Definitivamente no puedo justificar lo injustificable. Quienes decidieron llevarse dinero en una escena trágica hicieron mal, es reprochable y punto. PERO OJO, de eso a lo que está pasando ahora, sobre todo en redes sociales hay mucha diferencia.
Veo cómo se está usando el error de unos pocos, para defenestrar la “identidad” de toda una ciudad. Porque no son “los alteños robando”, fueron algunas personas equivocadas recogiendo dinero en medio del caos.
Y mencionó algo que me parece fundamental y que NO es exclusivo de El Alto, ni siquiera de Bolivia.
Busquen casos parecidos en internet, con accidentes o similares en otros países, la gente también se llevó dinero o pertenencias. Facilmente se encuentran casos en República Dominicana, en México, en Filipinas, en Estados Unidos… Cuando un avión se estrella y algún dinero se esparce, lamentablemente en muchas partes del mundo hay quienes reaccionan así , de la misma manera, NO ESTA BIEN, pero es humano, no es “alteño”.
Entonces, ¿por qué en otros países se habla de delincuentes aislados o lamentables accidentes, y acá se habla de “la cultura alteña”, “los masistas” o “los indios”?…
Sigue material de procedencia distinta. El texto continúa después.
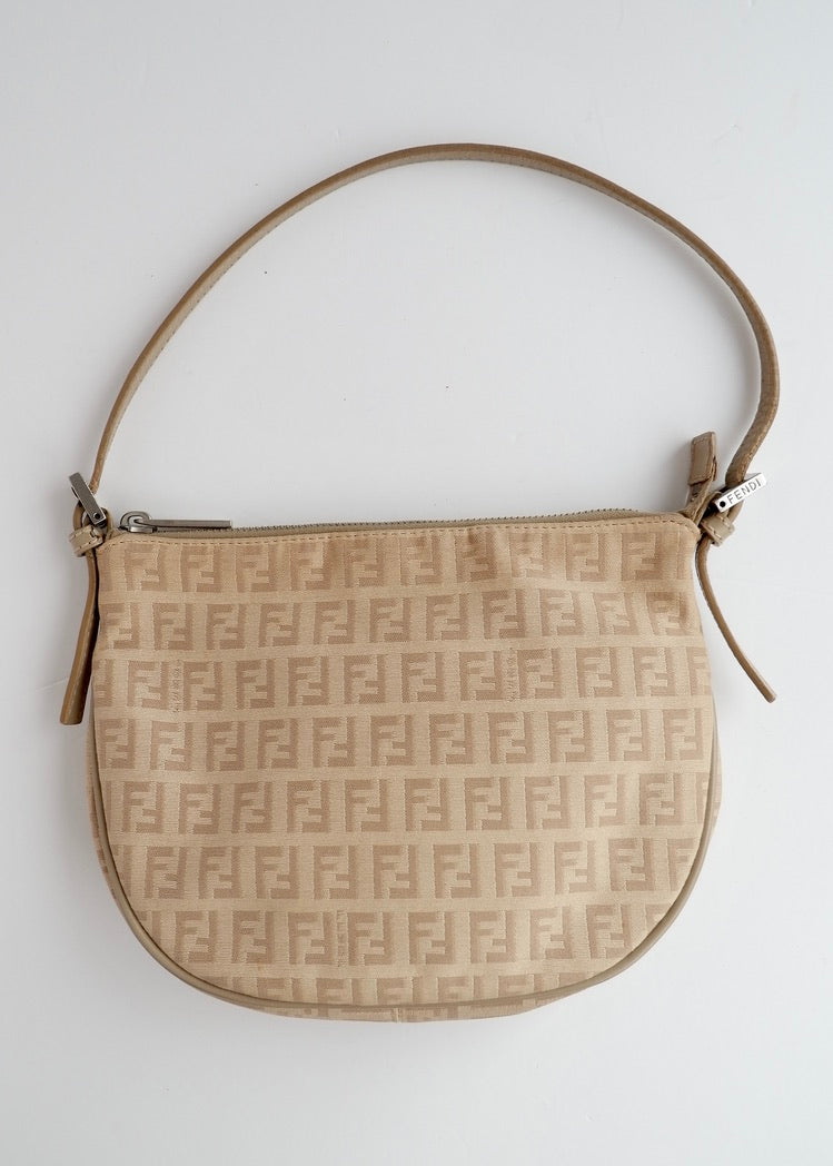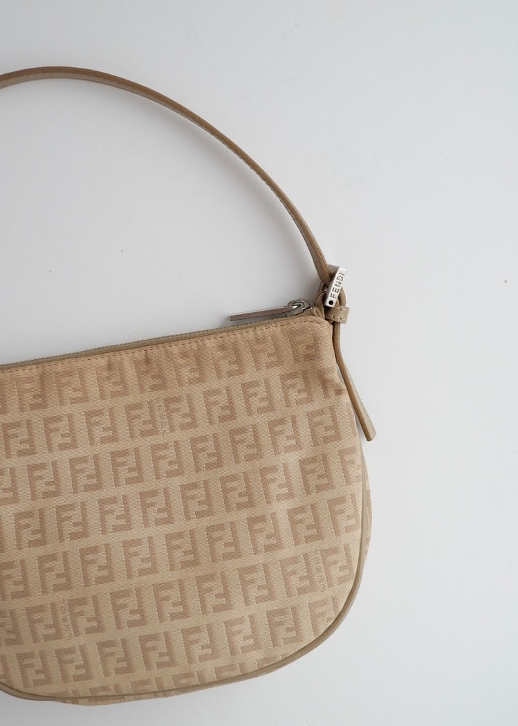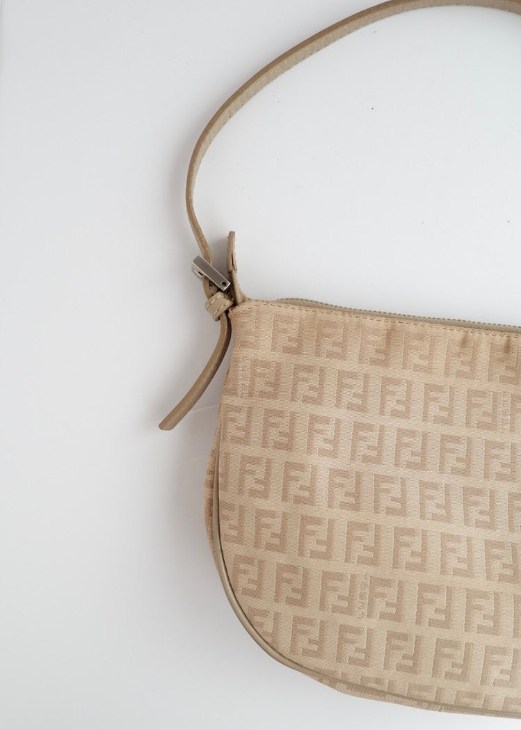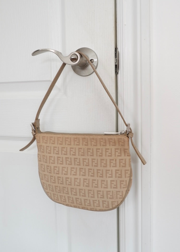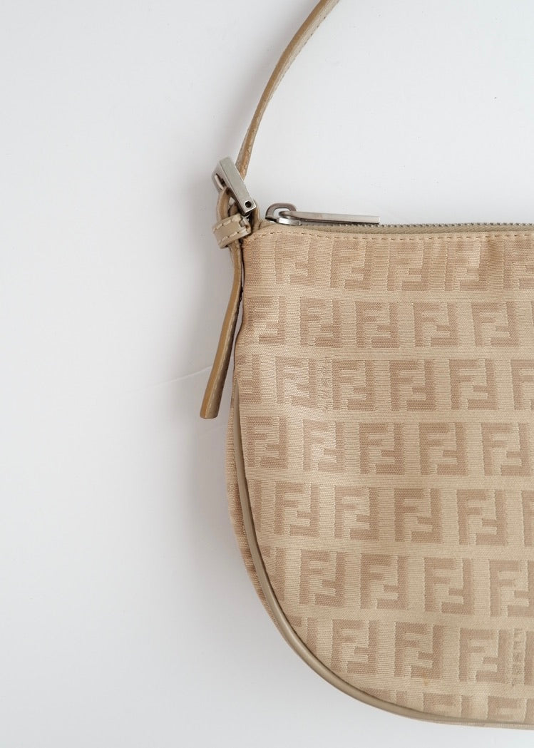 Authentic Preowned Fendi Light Beige Zucchino Small Shoulder Bag

Tal vez no se analice mucho, pero la respuesta es simple aunque muy muy incómoda, es porque hay un racismo profundo que espera cualquier excusa para activarse.
Me molesta porque esto no es para nada nuevo. Algunos aprovechan cualquier situación para ponerle un descalificativo a El Alto.
Eso sí, los mismos, premeditadamente se olvidan de las preguntas realmente importantes. ¿Quién controlaba el tráfico aéreo? ¿Dónde estaban los protocolos de seguridad ¿Por qué las autoridades del aerotransporte siguen sin dar la cara? Pareciera que se está intentando tapar la responsabilidad de algunos.
Defender a El Alto no es negar el hecho del error que cometieron algunos, es evitar echar combustible para profundizar un prejuicio racial que viene de décadas. Es tener claro que en El Alto también hay gente solidaria, trabajadora y honesta.
Cuando entendamos que El Alto es una ciudad con luces y sombras como cualquier otra, y no como el sinónimo de barbarie o el blanco fácil de la burla, entonces y solo entonces podremos hablar de autocrítica de verdad.